THIS year marks the 100th anniversary of the end of the First World War, and the Argus has teamed up with a campaign to mark the contribution of Gwent people in the Great War.

The column is written by organisers of a project called ‘Journey’s End’ and its title reflects how many of the dead were buried here and how the search is hoped to be complete in time for the 100th anniversary of the end of the First World War on November 11.

ON JANUARY 14 1918, it was announced in Parliament that Lady Mackworth, daughter of Lord Rhondda of Llanwern House, had been appointed Chief Controller of Women’s Recruiting for the whole of Britain.

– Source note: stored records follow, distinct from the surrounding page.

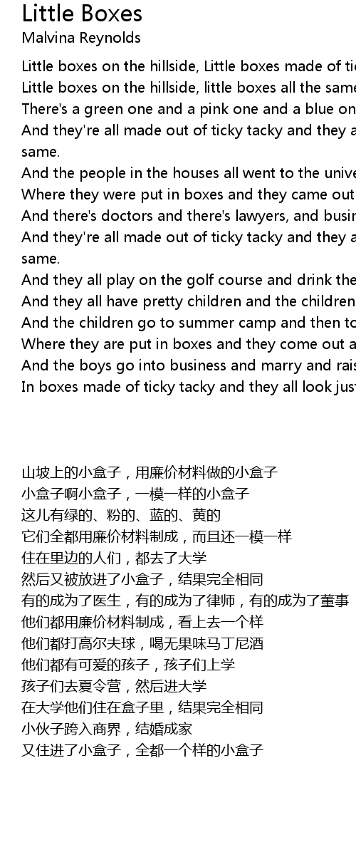 Little boxes on the hillside, Little boxes made of tickytacky |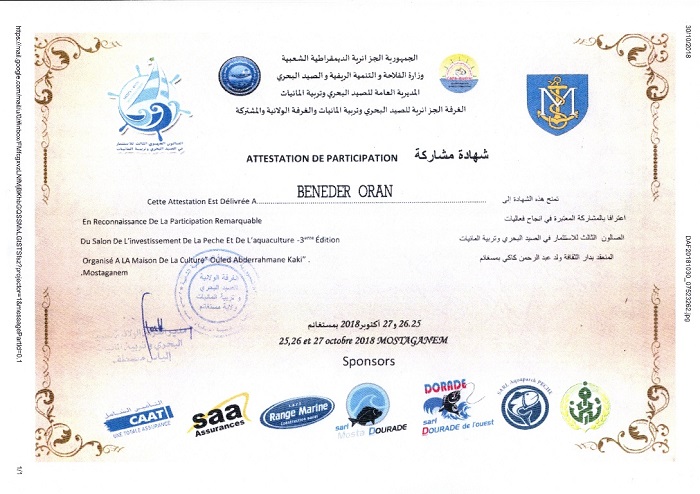 Le BNEDER a participé à la 3e édition du salon régional de l’investissement dans la pêche et l’aquaculture qui a été organisé du 25 au 27 octobre 2018à Mostaganem, à travers un stand dédié aux projets piscicoles et aquacoles, à l’instar d’une cinquantaine d’exposants relevant du secteur.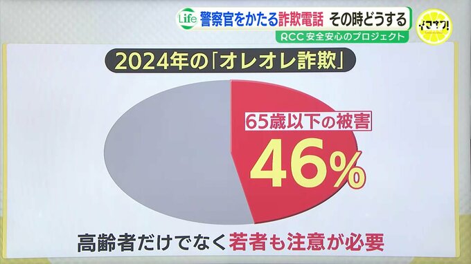 2024年の「オレオレ詐欺」の被害の割合は65歳以下の人が46%もいます。半数近くが65歳以下と言う事で、被害に遭いやすいのは高齢者と思われがちですが若者も注意が必要になってきます。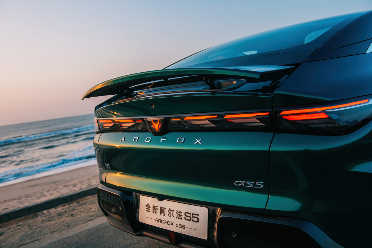 全新阿尔法S5延续极狐“风塑美学2.0”理念,前脸紧致利落,近400颗LED日行灯与360°驾驶辅助小蓝灯构成标志性“蓝眼狐”造型,辨识度极高。车身尺寸较现款增加66mm至4886mm,轴距达2900mm,接近C级车水准,配合大溜背设计、无边框车门、亮色卡钳及3430cm²同级最大智能升降尾翼,营造出纯粹轿跑姿态。0.1925Cd超低风阻系数兼顾美学与效能。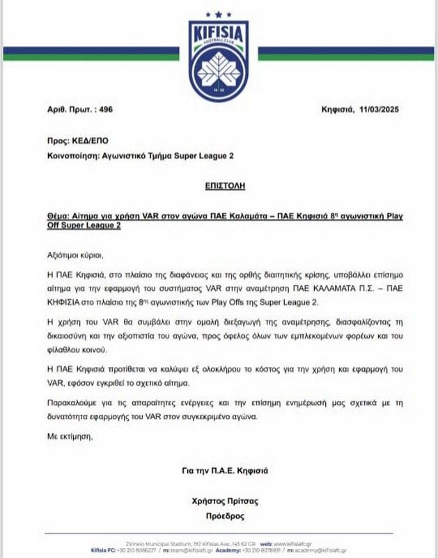 “Η ΠΑΕ Κηφισιά, στο πλαίσιο της διαφάνειας και της ορθής διαιτητικής κρισης, υποβάλλει επίσημο αίτημα για την εφαρμογή του συστήματος VAR στην αναμέτρηση ΠΑΕ ΚΑΛΑΜΑΤΑ ΠΣ – ΠΑΕ Κηφισιά, στο πλαίσιο της 8ης αγωνιστικής των play off της Super League 2.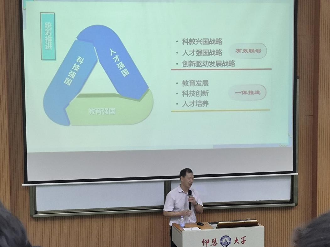 为落实立德树人根本任务,强化理想信念教育,深入推进党的二十大精神进课堂、进教材、进头脑,开云kaiyun官方网站党总支书记曾凤生走上“形势与政策”思政课讲台,分别于9月12日晚上、9月13日晚上,于乐之讲堂101和惟勤讲堂101,以“加强建设教育强国、科技强国、人才强国”为题,为我院2023级新生讲授了一场别开生面的思政课,发挥了思政“小课堂”的育人大作用。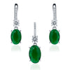 Silver Oval Emerald Pendant and Earring Set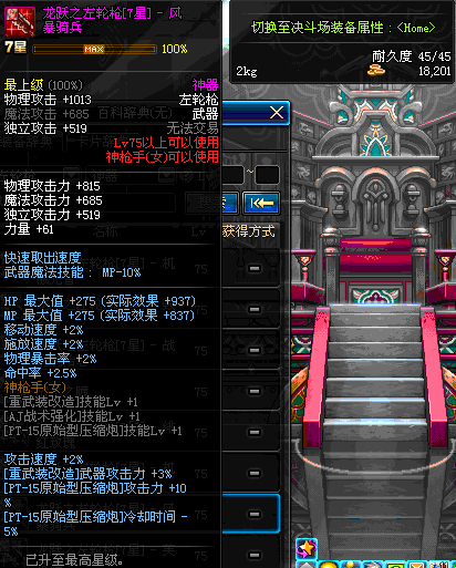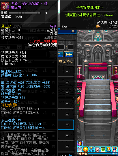 | 72 | 真·泰拉石左轮枪 | *设计图(70LV以上普通地下城 登场的NPC加百利 出售) *泰拉石左轮枪 → 用远古神器装备进化书升级(NPC船长鲁特 出售) |

She thus became one of the most prominent women in the country. Margaret Mackworth had gained considerable business experience by taking charge of her father’s affairs when he was abroad and by 1918 was a director of 27 companies and chairman of several, including the Sanatogen tonic wine company.

As a militant suffragette she had been briefly imprisoned in 1913 after putting an incendiary device into a postbox in Risca Road, Newport, but during the war took the path of many other suffragettes in giving full support for the war effort as a means of converting the government to the cause of women’s suffrage.

In 1915 she had been on the Lusitania when it was sunk by a U-boat off the coast of Ireland. Prior to her appointment she had been responsible for recruiting members of the Women’s Auxiliary Army Corps in Wales.

As the Argus reported, “she will be practically the head of a board of women who are controlling the war work of hundreds of thousands of other women”, including with the armed forces , in industry and on the land. After the war, having made a success of her wartime duties, she was to spend the next 50 years running her father’s business empire and campaigning for women’s rights.